In previous years, private sector debt would increase, increasing spending and filling the demand gap. After 2008 this has not been possible as, even at the zero lower bound, the poor economic prospects and already extremely high levels of private sector debt have reduced the appetite to increase private sector debt. The government has stepped in to a certain extent but the chronic lack of demand is still there and if and when the government reduces spending further this should become apparent. The solution to this is new central bank money given to the government, allowing the government to run bigger deficits without increasing debt.

But how should one interpret the stellar employment figures over the last 5 years? It becomes clearer when the type of employment is factored in. 

The government has reduced unemployment benefit and increased sanctions on people not working. At the same time, it has increased the level below which no income tax is paid, so that minimum wage work is now more rewarded relative to welfare. This combination of carrot and stick appears to have increased the numbers in work. 2% of the workforce is now employed on zero hours contracts; contracts without a set number of hours giving no secure income to the worker. 

The clearest indication of what has happened can be gleaned from looking at the percentage of the workforce working below the living wage (set in 2014 at £7.85 nationally). I have gone back to 2005 using an RPI adjusted 2014 figure. In a growing economy, one would expect more and more workers to rise above this inflation adjusted level. This has not happened.

Between 2005 and 2009, the average percentage of the 21+ year old workforce working below living wage was 13.8%. In 2014, this percentage was 21.7%.

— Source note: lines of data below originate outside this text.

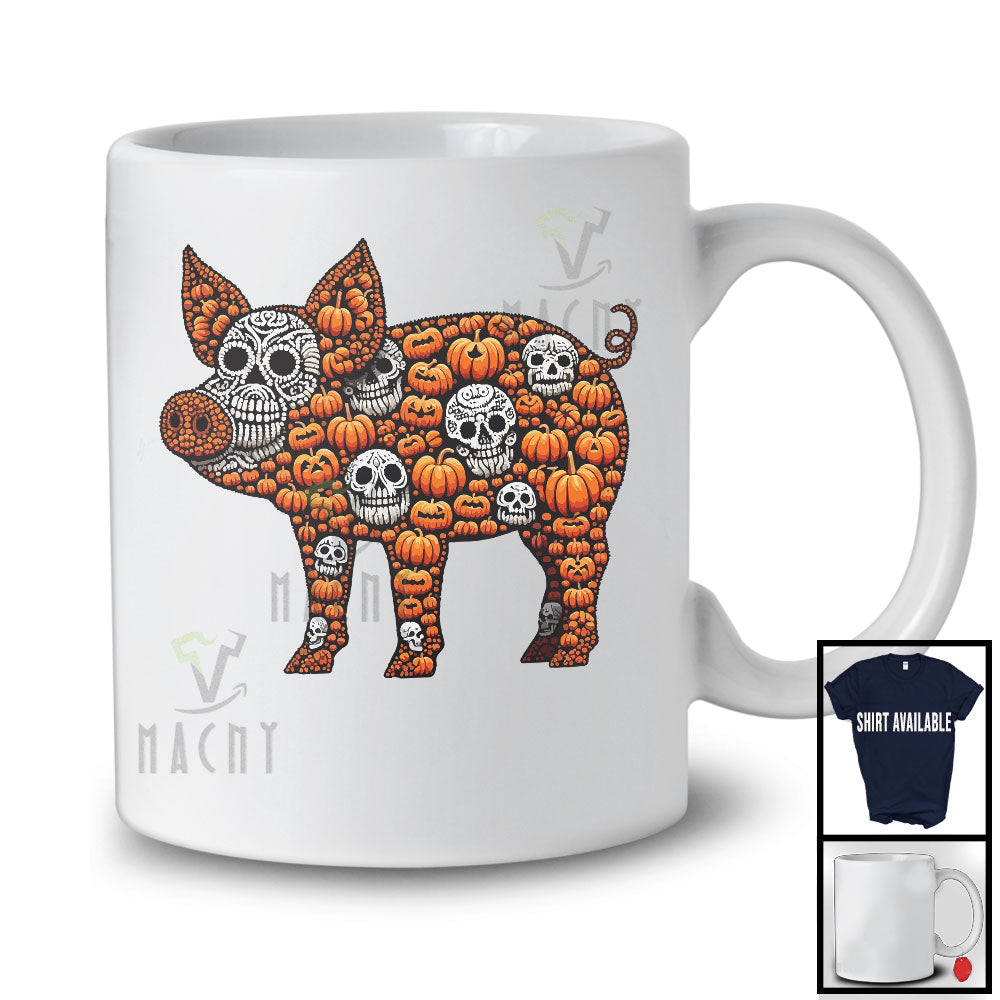 Pig Skull Pumpkin Shape; Awesome Halloween Costume Pig Lover; Farm Animal Farmer T-Shirt
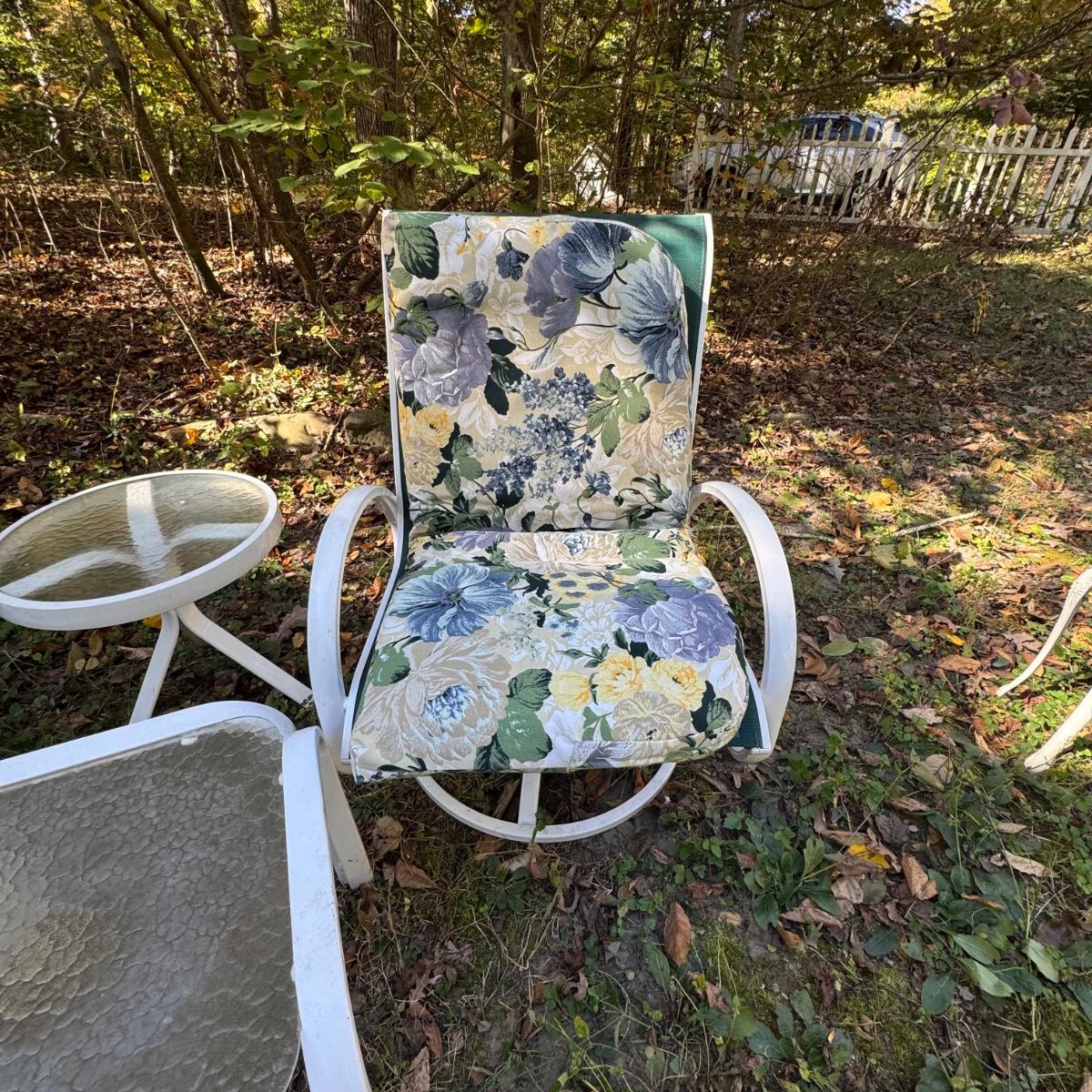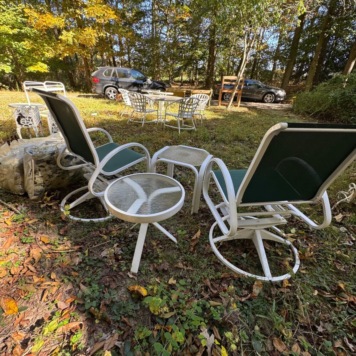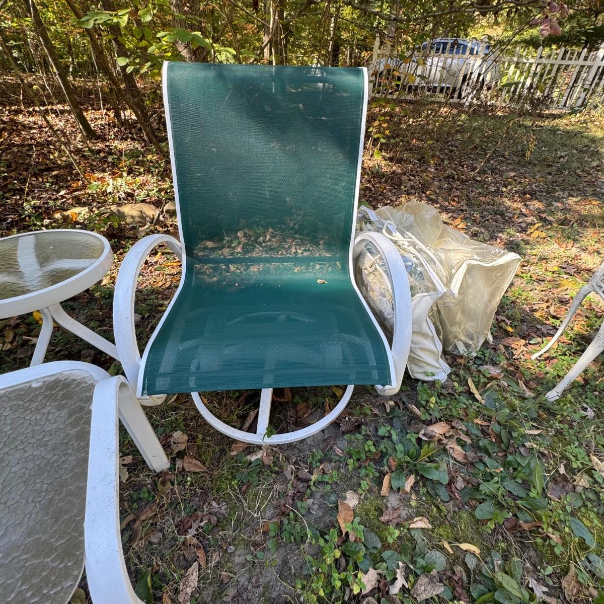 Back 36”H x 24”W x 17.5” seat height x 20” seat width x 17.5” seat depth. Both chairs come with floral seat cushions. Green nylon mesh material. Also included aluminum round and square tables. NOTE: qty (1) cushion is for a bench (not available) that folds for the seat and back and the other cushion is the traditional two pieces for the seat and back.
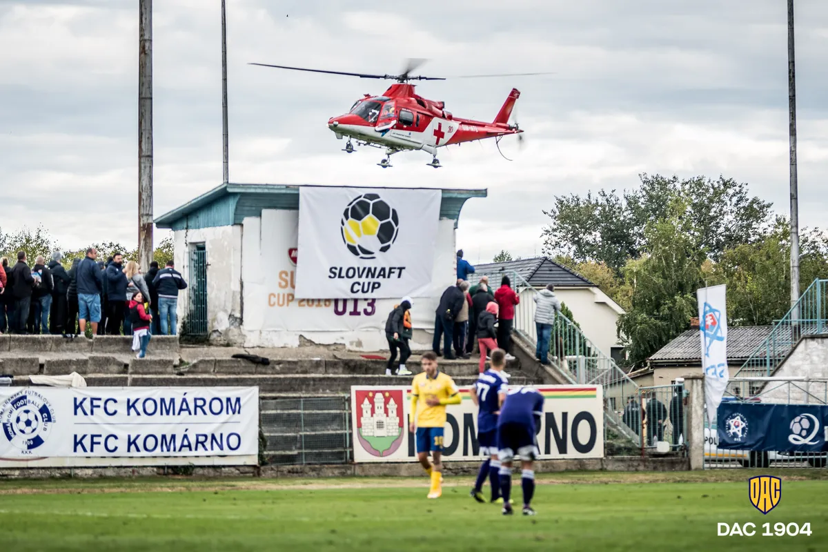 Borzalmas sérülés borzolta a kedélyeket Szlovákiában a Dunaszerdahely-Révkomárom labdarúgó-kupameccsen. A hazaiak játékosa, Sainey Njie saját csapattársával fejelt össze, s olyan súlyos koponyasérülést szenvedett, hogy azonnal mentőhelikopter szállította a kórházba.
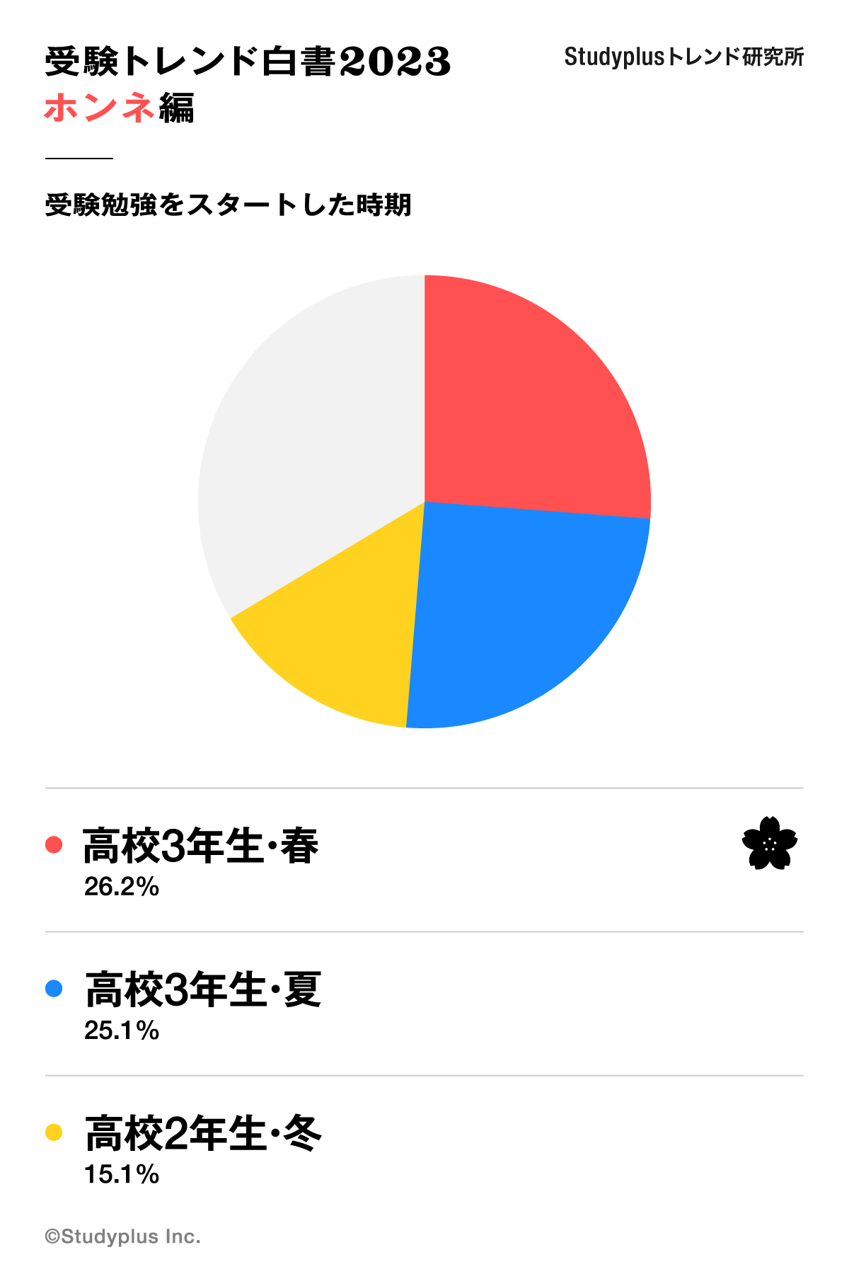 受験勉強のスタート時期は、「高校3年生・春」が最も多く26.2%、続いて「高校3年生・夏」が25.1%となりました。

A graph of jobs created is shown below. Up until 2009, consistently more jobs were created above the living wage relative to those below. Under the Conservative government the opposite has happened. This is shown in the graph below

There have been 1.45m new jobs for 21+ year olds between 2010 and 2014. This is obviously a good thing. But there are 2.13m more jobs  below living wage in 2014 for 21+ year olds than there were in 2010.

The total number of jobs below the living wage are shown below:

Employment has increased, but employment above the living wage has actually gone down by around 700,000 people. So in fact, one way of looking at it is that since 2010, 700,000 jobs above the living wage have been lost. 

The employment miracle can be more reasonably described as a good achievement at getting people into the workforce, but not in a particularly economically productive manner. By increasing competition for low paid work it has reduced wages at the bottom end. The whole picture is consistent with a lack of demand in the economy combined with a sense of necessity to take lower paid and insecure work.

And the productivity puzzle, can be explained by the fact that production is roughly equal to demand. Here we have the same amount of demand just divided between more workers. Oversupply of labour has pushed wages down so that more people can be employed, but there is no corresponding increase in demand. If production stays the same but more people are employed then we get lower productivity per hour. 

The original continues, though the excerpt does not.